Material provided -
========
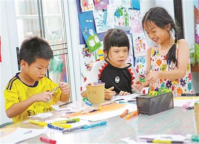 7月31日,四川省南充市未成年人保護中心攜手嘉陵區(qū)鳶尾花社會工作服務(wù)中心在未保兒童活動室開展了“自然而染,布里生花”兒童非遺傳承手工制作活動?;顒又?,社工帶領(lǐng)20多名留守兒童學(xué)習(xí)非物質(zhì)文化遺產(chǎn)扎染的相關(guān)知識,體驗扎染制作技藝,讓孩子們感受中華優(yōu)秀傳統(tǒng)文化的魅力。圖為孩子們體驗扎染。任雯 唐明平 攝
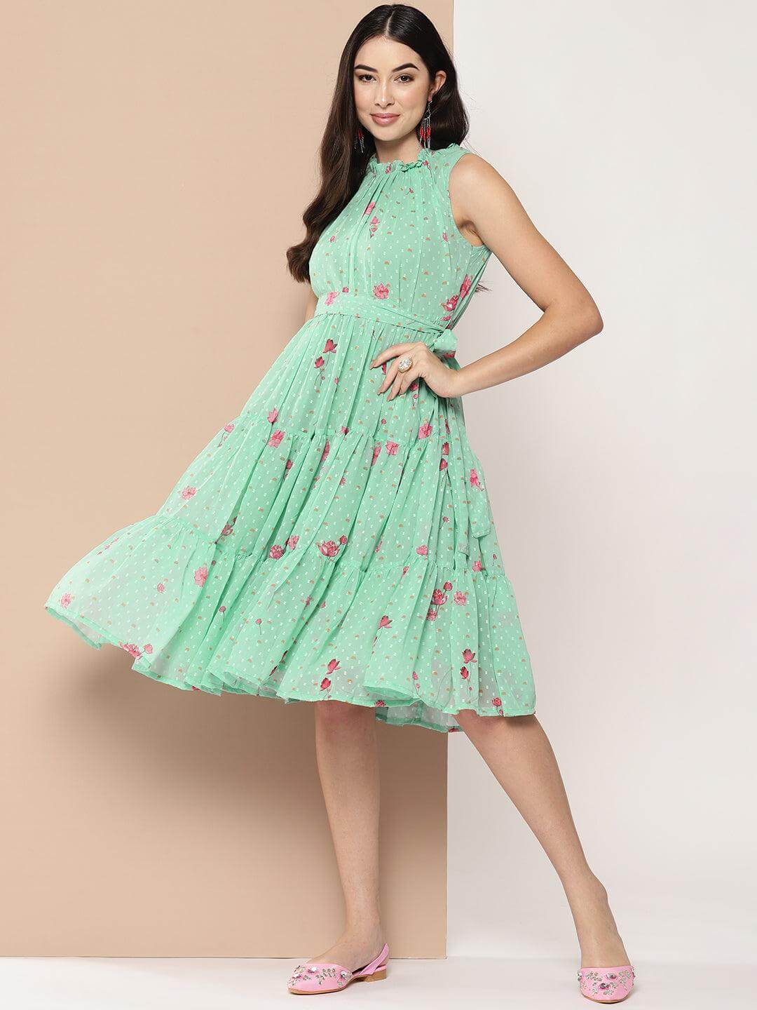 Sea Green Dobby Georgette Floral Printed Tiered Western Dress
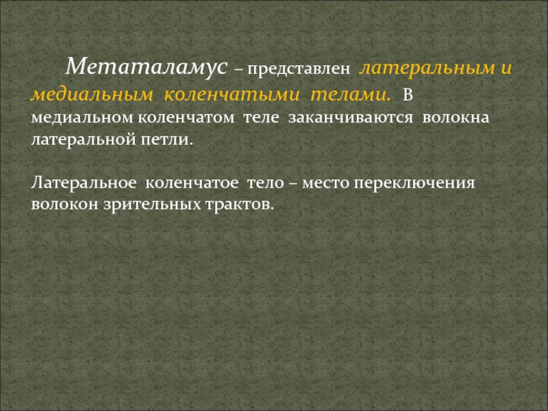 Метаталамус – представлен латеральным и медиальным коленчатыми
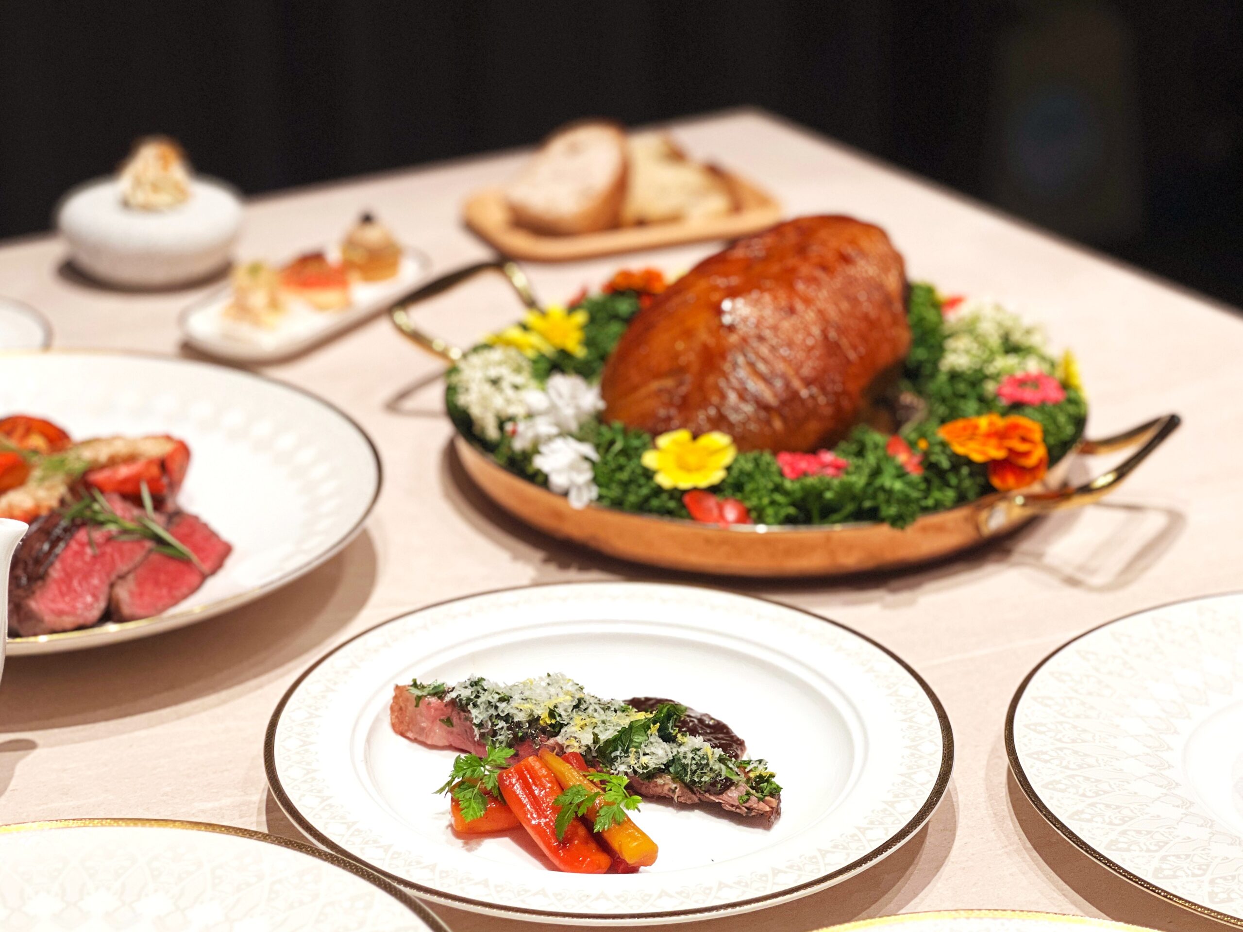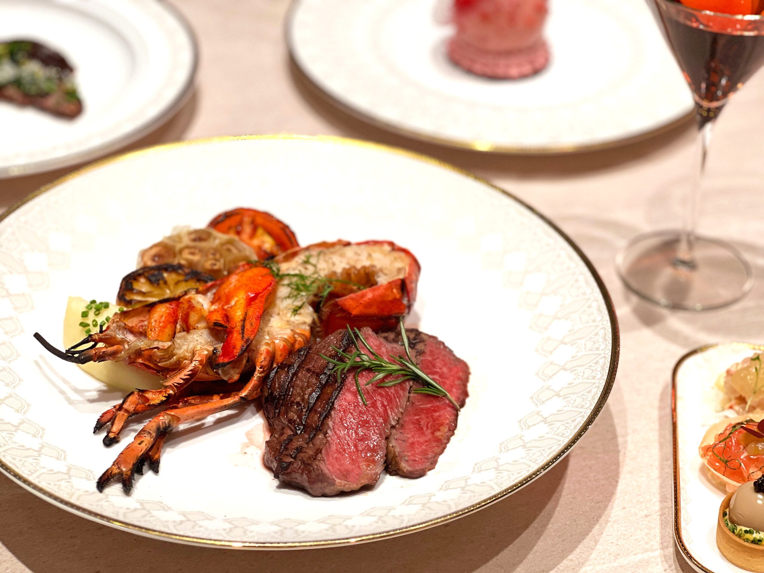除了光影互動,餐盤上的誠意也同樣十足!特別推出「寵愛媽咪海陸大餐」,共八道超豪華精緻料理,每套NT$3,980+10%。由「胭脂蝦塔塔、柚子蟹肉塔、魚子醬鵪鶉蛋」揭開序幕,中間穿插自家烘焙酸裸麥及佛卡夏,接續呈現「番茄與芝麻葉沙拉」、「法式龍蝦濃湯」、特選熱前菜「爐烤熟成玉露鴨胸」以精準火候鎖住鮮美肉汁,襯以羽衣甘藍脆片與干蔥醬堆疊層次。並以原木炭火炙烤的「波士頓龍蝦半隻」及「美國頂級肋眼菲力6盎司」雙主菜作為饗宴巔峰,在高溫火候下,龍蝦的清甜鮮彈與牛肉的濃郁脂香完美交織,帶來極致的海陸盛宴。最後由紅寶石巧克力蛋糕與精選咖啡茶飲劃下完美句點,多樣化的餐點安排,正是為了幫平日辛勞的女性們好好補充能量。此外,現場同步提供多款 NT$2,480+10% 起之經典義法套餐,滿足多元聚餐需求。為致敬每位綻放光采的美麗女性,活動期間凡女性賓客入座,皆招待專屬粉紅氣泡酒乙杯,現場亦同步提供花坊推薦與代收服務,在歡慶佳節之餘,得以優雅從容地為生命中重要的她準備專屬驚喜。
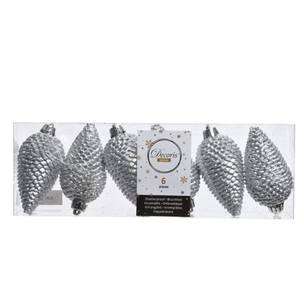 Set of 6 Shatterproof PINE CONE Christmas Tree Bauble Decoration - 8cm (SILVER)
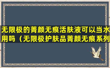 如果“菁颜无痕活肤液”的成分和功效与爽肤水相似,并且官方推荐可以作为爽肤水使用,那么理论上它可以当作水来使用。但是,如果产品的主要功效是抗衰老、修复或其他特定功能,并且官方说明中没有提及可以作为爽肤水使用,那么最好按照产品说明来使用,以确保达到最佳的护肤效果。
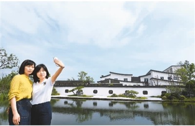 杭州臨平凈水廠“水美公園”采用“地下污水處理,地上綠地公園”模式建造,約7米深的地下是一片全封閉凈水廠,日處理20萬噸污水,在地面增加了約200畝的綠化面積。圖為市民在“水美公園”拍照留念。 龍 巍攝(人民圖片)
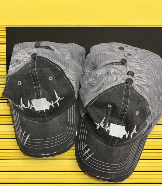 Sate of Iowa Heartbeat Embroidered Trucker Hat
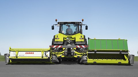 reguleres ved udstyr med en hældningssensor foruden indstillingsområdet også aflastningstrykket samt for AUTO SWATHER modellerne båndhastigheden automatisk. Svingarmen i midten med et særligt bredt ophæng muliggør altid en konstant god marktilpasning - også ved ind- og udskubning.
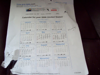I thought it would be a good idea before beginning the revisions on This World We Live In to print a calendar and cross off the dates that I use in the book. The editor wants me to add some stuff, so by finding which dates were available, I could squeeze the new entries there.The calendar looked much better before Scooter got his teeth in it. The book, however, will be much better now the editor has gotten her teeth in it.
========
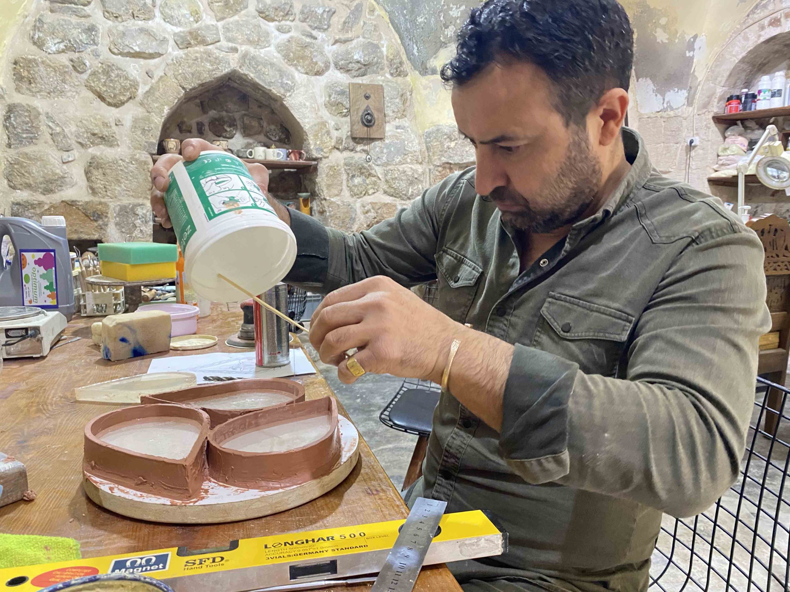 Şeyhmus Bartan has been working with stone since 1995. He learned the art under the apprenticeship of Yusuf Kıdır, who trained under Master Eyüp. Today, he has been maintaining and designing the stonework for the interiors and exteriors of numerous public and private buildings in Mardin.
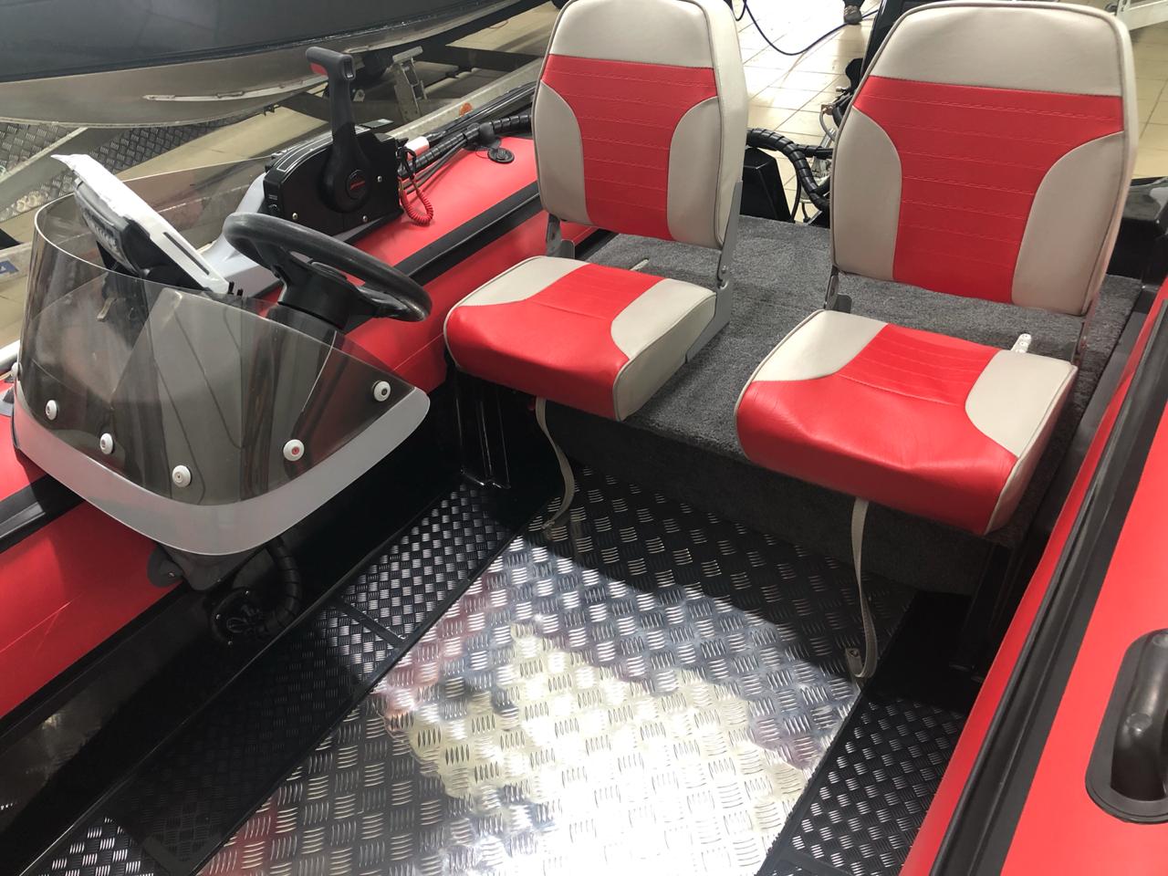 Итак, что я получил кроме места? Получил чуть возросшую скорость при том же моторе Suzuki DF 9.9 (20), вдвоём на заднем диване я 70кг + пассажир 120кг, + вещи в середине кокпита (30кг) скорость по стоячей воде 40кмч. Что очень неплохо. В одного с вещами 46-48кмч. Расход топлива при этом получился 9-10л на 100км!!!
========
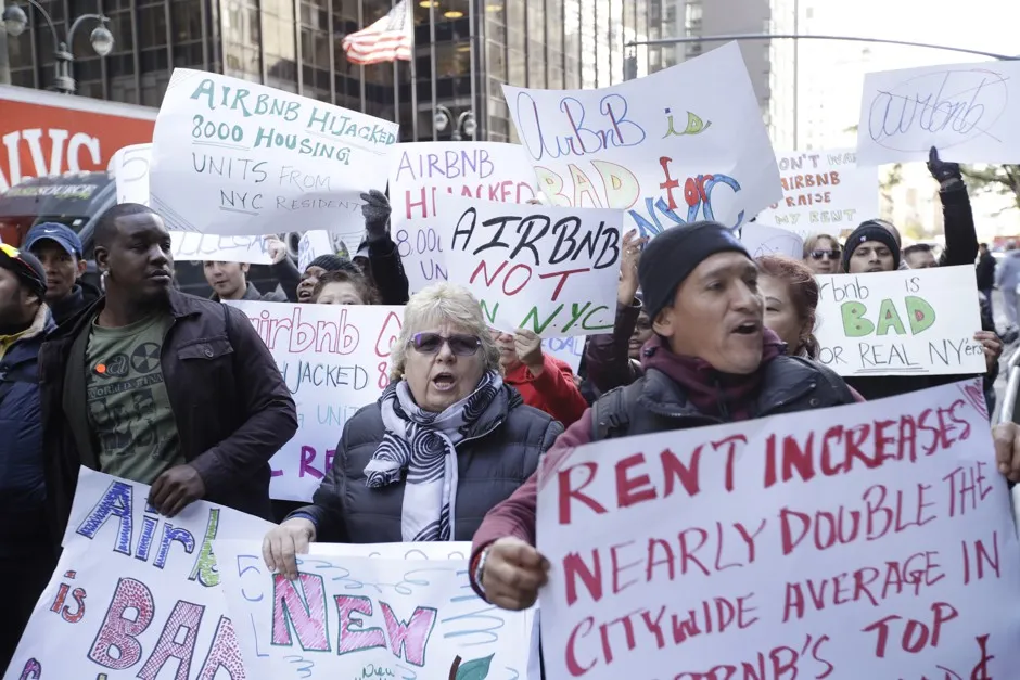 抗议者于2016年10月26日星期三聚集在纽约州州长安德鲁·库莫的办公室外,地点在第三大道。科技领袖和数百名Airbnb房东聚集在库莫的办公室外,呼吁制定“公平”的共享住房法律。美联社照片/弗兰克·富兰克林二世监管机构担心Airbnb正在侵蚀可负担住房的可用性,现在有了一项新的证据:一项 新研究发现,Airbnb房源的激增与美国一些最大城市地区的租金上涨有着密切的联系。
========
Task details - Once the line with "Sate of Iowa" is found above, transcribe each line from it through the line with "reguleres ved udstyr", exactly, and omit the pictures.

Reply to the task -
 Sate of Iowa Heartbeat Embroidered Trucker Hat
 reguleres ved udstyr med en hældningssensor foruden indstillingsområdet også aflastningstrykket samt for AUTO SWATHER modellerne båndhastigheden automatisk. Svingarmen i midten med et særligt bredt ophæng muliggør altid en konstant god marktilpasning - også ved ind- og udskubning.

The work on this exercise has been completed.